Calculate the Height of the Potential Barrier for a Head on Collision of Two Deuterons. - Physics


Calculate the height of the potential barrier for a head on collision of two deuterons.

(Hint: The height of the potential barrier is given by the Coulomb repulsion between the two deuterons when they just touch each other. Assume that they can be taken as hard spheres of radius 2.0 fm.)
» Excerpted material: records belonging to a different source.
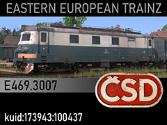 E469.3007 electric loco of Czechoslovak State Railways CSD, paintscheme and lettering introduced in 1982. 3d kilanziom, photos thunderbird, textures kilanziom, Script RBach. TS12+, for any missing assets visit www.trainzart.pl - tested in TS19 with fixed light script. Use view details window to control all options of the model including lights, doors and pantographs.
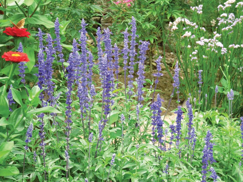 I’d call this the one annual that is worthy of being in everyone’s garden. It displays showy 2-foot spikes of deep-blue flowers above gray-green foliage from early summer to frost. It is a vertical plant that goes with anything but will look especially dramatic with orange flowers (like the California poppy). It will mix with pastel colors just as well.
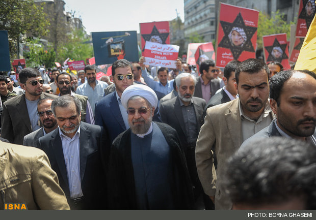 به گزارش خبرنگار سیاسی خبرگزاری دانشجویان ایران(ایسنا)، حجتالاسلام والمسلمین حسن روحانی در حاشیه راهپیمایی روز قدس در تهران، در جمع خبرنگاران بر ضرورت وحدت دنیای اسلام برای مقابله با رژیم صهیونیستی تاکید کرد و گفت: رژیم صهیونیستی زخمی است که سالها بر بدن دنیای اسلام نشسته است و این زخم باید از بین برود.
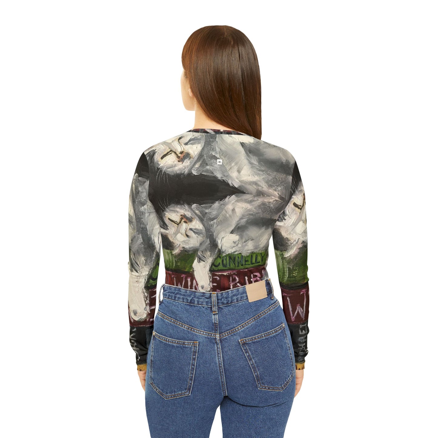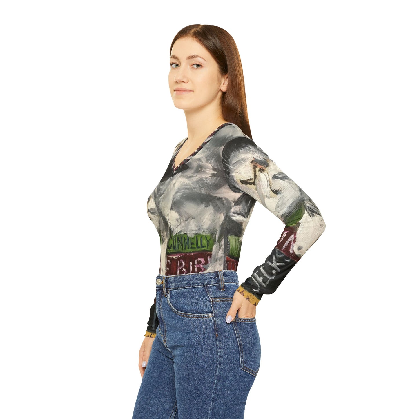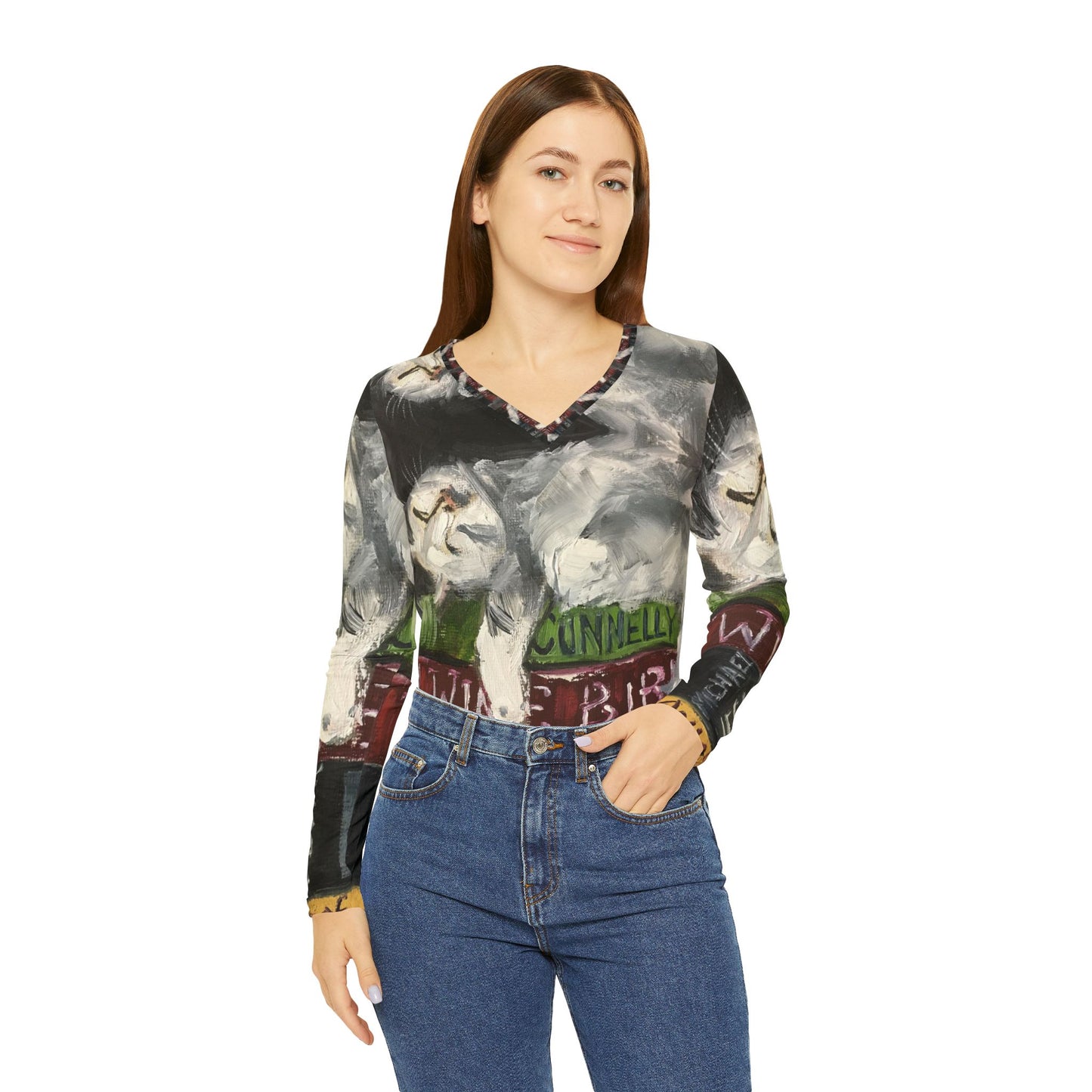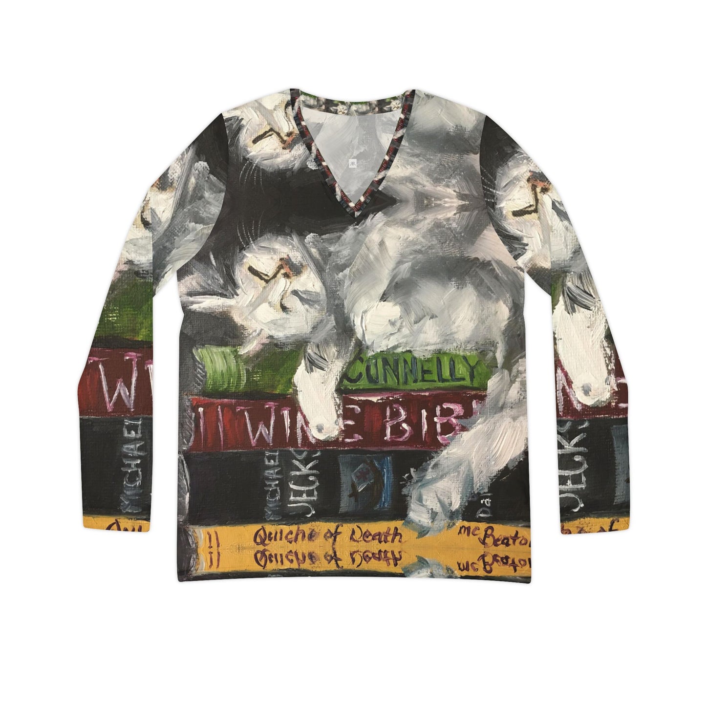 Long Sleeve Shirt- Bibliocat/ Cat Sleeping on Books- V-neck Women's
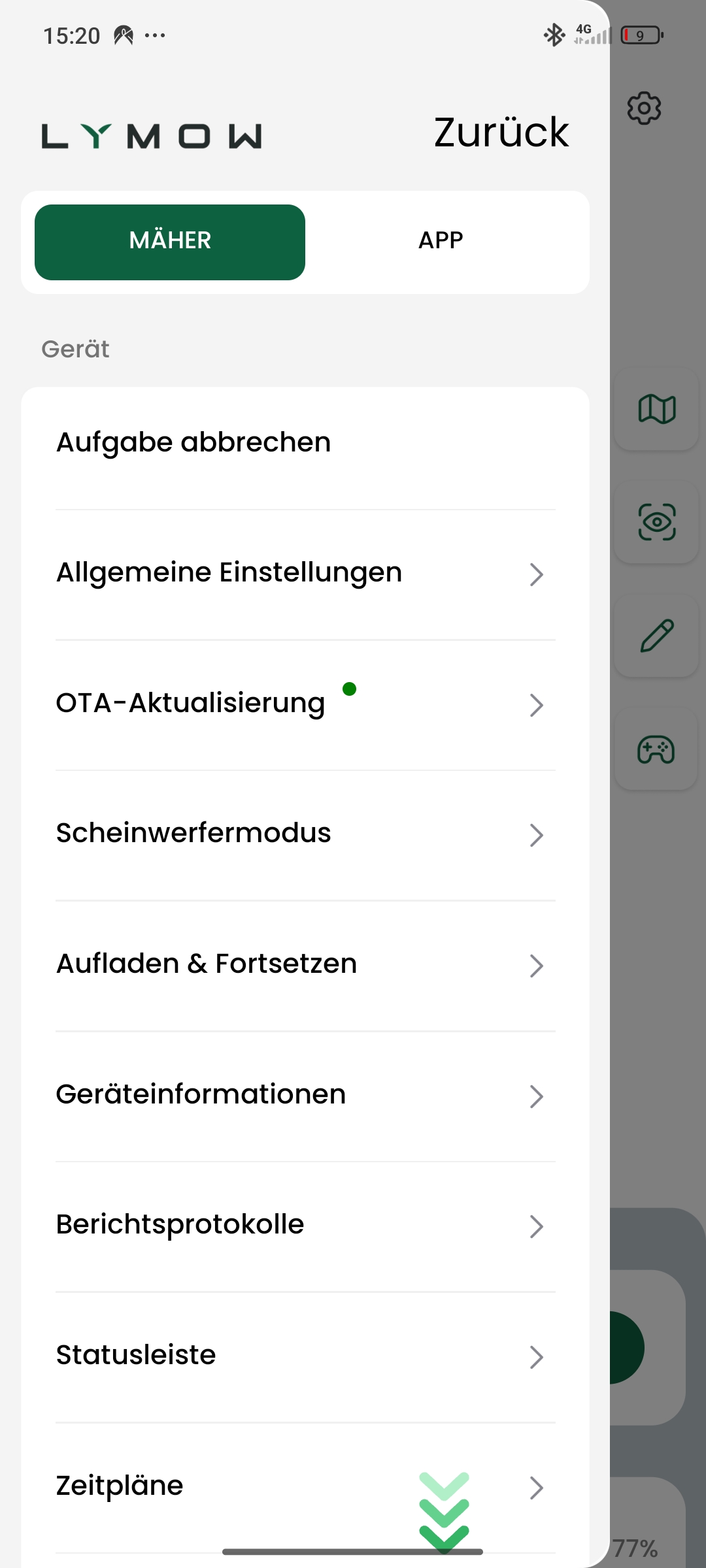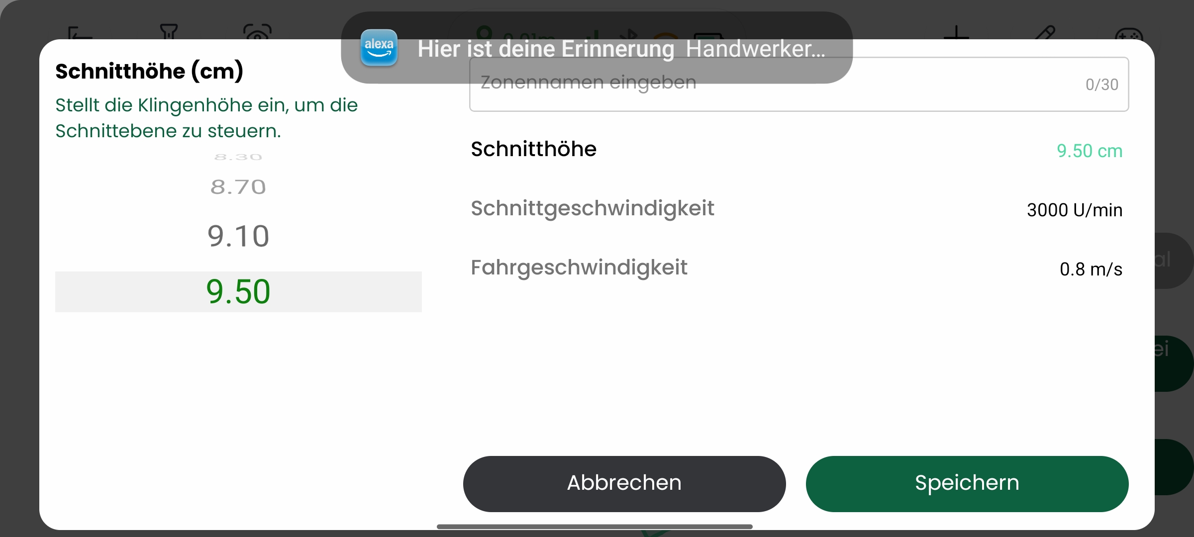 Updates sollen weitere Funktionen ergänzen und die ganze App „runder“ machen. Gut so, denn im Testbetrieb wirkte sie an einigen Stellen noch wenig intuitiv. So muss man Aufgaben etwa über einen Extra-Menüpunkt und nicht direkt auf der Hauptseite abbrechen. Außerdem vergisst der Mäher beim manuellen Zurücksenden zur Ladestation trotz entsprechender Aufforderung seine begonnene Aufgabe. Zudem weisen die abgefahrenen Bahnen in der App immer wieder schmale, ungemähte Bereiche aus. In der Realität fährt er aber überlappend. Nicht zuletzt verlangt der Lymow One für Änderungen an Mähhöhe oder Geschwindigkeit immer erst einen Stopp, dann einen Wechsel in den Kartenbearbeitungsmodus und erst dann können die Einstellungen angepasst werden – für jede Mähzone einzeln wohlgemerkt. Auch bei der Bedienlogik hapert es bisweilen leicht. So muss der Nutzer bei der Auswahl von Teilflächen nicht erst die Flächen, sondern erst den „Mähen“-Button und danach die Teilflächen aussuchen. Die Markierung der ausgewählten Mähfläche mittels einer feinen grünen Umrandung ist dabei kaum zu erkennen.

When two deuterons collide head-on, the distance between their centres, d is given as:

Radius of 1st deuteron + Radius of 2nd deuteron

Radius of a deuteron nucleus = 2 fm = 2 × 10−15 m

∴ d = 2 × 10−15 + 2 × 10−15 = 4 × 10−15 m

Charge on a deuteron nucleus = Charge on an electron = e = 1.6 × 10−19 C

Potential energy of the two-deuteron system:

`"V" = "e"^2/(4pi in_0 "d")`


`in_0` = Permittivity of free space

`1/(4piin_0) = 9 xx 10^9 "N" "m"^2"C"^(-2)`

`therefore "V" = (9 xx 10^9 xx (1.6 xx 10^(-19))^2)/(4 xx 10^(-15)) "J"`

`= (9 xx 10^9 xx (1.6 xx 10^(-19))^2)/(4 xx 10^(-15) xx (1.6 xx 10^(-19)) " eV"`

= 360 keV

Hence, the height of the potential barrier of the two-deuteron system is 360 keV.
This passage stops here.